Он выходит. Из вещей он взял сколько мог. Столько, чтобы ни у кого не возникало никаких подозрений. В правой руке у него большой красный чемодан, который сделал в мастерской Марчелло Таккини — здоровенный веселый заика, служка-мирянин из их театральной общины в офлаге. Таккини он любит как родного брата. Их судьбы так похожи! Таккини, как и он, — потомок итальянских эмигрантов, как и он — бедняк, как и он — учитель, как и он — северянин. Единственная разница между ними: Таккини — католик, строго соблюдающий все обряды. И этот чемодан — не простой чемодан. В офлаге они вшестером составили постоянную труппу, В каждом из четырех «блоков» лагеря для офицеров была своя театральная труппа. Эме Лонги был декоратором. Вместе с режиссером-автором, двумя столярами-машинистами и музыкантом они пользовались неоценимым преимуществом: они жили в бараке-мастерской, а не в тесноте и скученности общих бараков, где на трехэтажных нарах лежали двадцать четыре человека. Таккини стыдился этого, он не считал, что имеет право жить в мастерской. Он стал поваром в труппе, а свободное время между лекцией философа Поля Рикёра и занятиями немецким языком использовал для того, чтобы сделать этот чемодан из картона, предназначенного для декораций, и жестяных частей, вырезанных из консервных банок. Чемодан предназначался первому, кто вернется во Францию. Таковым оказался Эме. Он находил это несправедливым. Он не был женат. В песках, в ноябре 1940 года и в феврале 1941, он узнал о смерти единственных родных существ, которые у него оставались в Валансьенне, — матери и бабушки; мать медленно убило горе, а суровую бабушку, несмотря на все ее мужество, — лишения и старость. Что поделаешь? Не мог же он передать им свою рану, из-за которой был демобилизован. Таккини сейчас же взялся за новый чемодан.

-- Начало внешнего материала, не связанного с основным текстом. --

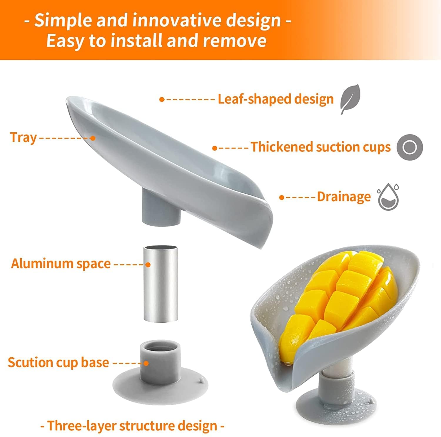 We adopt the leaf shape design, which makes water flows down naturally and keeps the soap dry all the time. With the Innovative design, This soap dish will make your bathroom beautiful and improving life quality. Soap Holder’s suction works best on ceramic tile, granite tiles, stainless steel, plastic, and any non-porous smooth surfaces. Some natural soaps will turn to a liquid mush, This Leaf Shape soap holder keeps soap from being mushy. Soap holder Inside the excess water will be automatically drained back to the sink. This soap holder will preserve the life of your soap.The soap tray allows water to flow directly into the sink, away from dirty sink, slippery and softens soap.This soap holder made of high-quality plastic, outstanding texture, durable and easy to clean.The soap box is easy to install with no need to punch holes. You can pull up and move to the position you want.

О, этот выход из лагеря! Их было тридцать счастливчиков на несколько тысяч человек. На этой песчаной равнине, открытой всем ветрам, был собачий холод. Но несмотря на это, их всех вывели из лагерных бараков, как скаутов, и они пели старинную ирландскую балладу «Старая дружба», которая обошла тогда всю Германию:

Друзья, не говорю: «Прощай!» —

А только: «До свиданья!»

Вернемся мы в родимый край,

А значит — до свиданья!

Стоял трескучий мороз.

 

Платформа была забита багажными тележками, немецкими офицерами, французскими таможенниками и жандармами, демобилизованными солдатами и Schwestern; кишмя кишели женщины-солдаты, прозванные «мышками» за свои серые мундиры, — подтянутые фройляйн с поджатыми губами, со строгими прическами и с бюстами валькирий под мундирами. Хайль Гитлер! «Эх! Переспать бы с этакой серой мышкой! — вздыхает Бандит. — Всю жизнь мечтал!»

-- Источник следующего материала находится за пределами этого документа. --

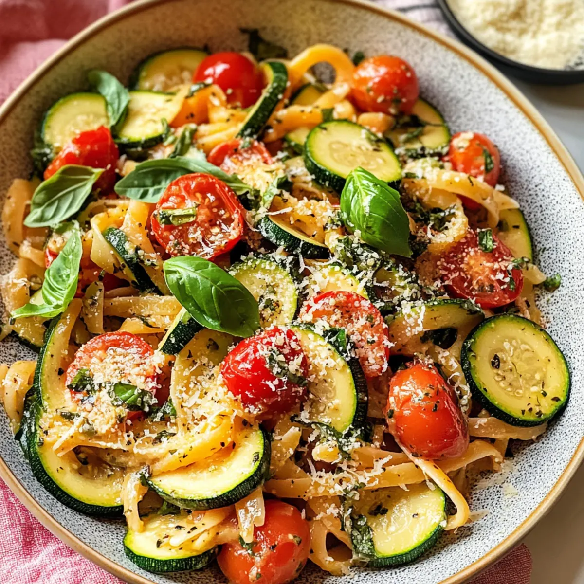Verteile die Tomaten Zucchini Pasta auf Tellern und garniere sie mit mehr frisch geriebenem Parmesan und einem zusätzlichen Zweig Basilikum, wenn gewünscht. Serviere das Gericht umgehend, damit die Aromen frisch und lecker bleiben. Optional kannst du auch einen Spritzer Olivenöl darüber geben für extra Würze!

Под большими часами висит расписание пересадок на Прад, Сен-Поль-де-Фенуйе, Аржелес, Баньюльс, Сербер, Пор-Бу. На расписании обозначена и дата: 26 мая 1943 года. Пятница. Эме Лонги смотрит на свои офицерские часы. (Как раз перед тем, как он попал в плен, его назначили начальником штаба батальона). Поезд пришел вовремя. Носильщика, разумеется, нет. Ба, да ведь его ждут за контрольно-пропускным пунктом!

Второй чемодан более громоздкий: это старый, покрытый пятнами дубовый ящик с кистями и красками; ящик ставится на три ножки. У него откидная крышка. Внутренняя сторона крышки — это палитра, которая вынимается. Винты позволяют регулировать наклон. У Эме больше нет холста, но шесть вставленных в раму досок из тюльпанного дерева, которые он везет с собой, — это целое состояние.

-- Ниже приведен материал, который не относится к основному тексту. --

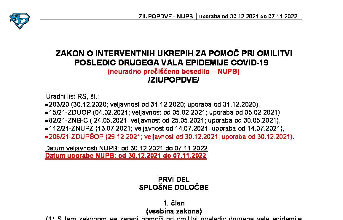 ZAKON O INTERVENTNIH UKREPIH ZA POMOČ PRI OMILITVI POSLEDIC DRUGEGA VALA EPIDEMIJE COVID-19 (ZIUPOPDVE - neuradno prečiščeno besedilo) 31.12.2023 16.02.2024

У турникета Эме предъявляет свой литер. Он становится в очередь к контролю. Плечо у него дергает. Он попробовал было нести свою поклажу на лямке, но чуть не вскрикнул от боли. Самое тяжелое — это чемодан. Очереди. Четыре года очередей! И в лагере, и во Франции. На раздачу пищи, на раздачу табака, в кино, в ларек. Во Франции это еще осложнялось индивидуальным анархизмом. Стоит тошнотворный запах дезинфекции и плохого угля. Пропуска проверяют французские жандармы в полевом обмундировании. Проверяют они тщательно, особенно — совсем новенькое удостоверение личности.

ФРАНЦУЗСКОЕ ГОСУДАРСТВО

Фамилия: Лонги Имя: Эме-Луи

Дата и место рождения: 24 октября 1913 года, Валансьенн (Нор).

Национальность: француз

Рост: 1 м 72 см

Цвет лица: бледный

Глаза: карие

Волосы: черные

Борода: не имеется

Усы: короткие

Нос: прямой

Телосложение: нормальное

Лицо: овальное

Особые приметы: не имеется

Адрес: Валансьенн (Нор), улица Сен-Ладр, 6.

Выдано 5 мая 1943.

Супрефект Лепервье

Министерское удостоверение с трехцветными полосками совсем уж новехонькое! Уполномоченный министерства по делам военнопленных находится в отпуску, Широкие брови поднимаются.

— Все новенькое, вот как!

И — совсем тихо — жандарм шепчет:

— Немецкого контроля нет. Вы можете пройти, господин лейтенант.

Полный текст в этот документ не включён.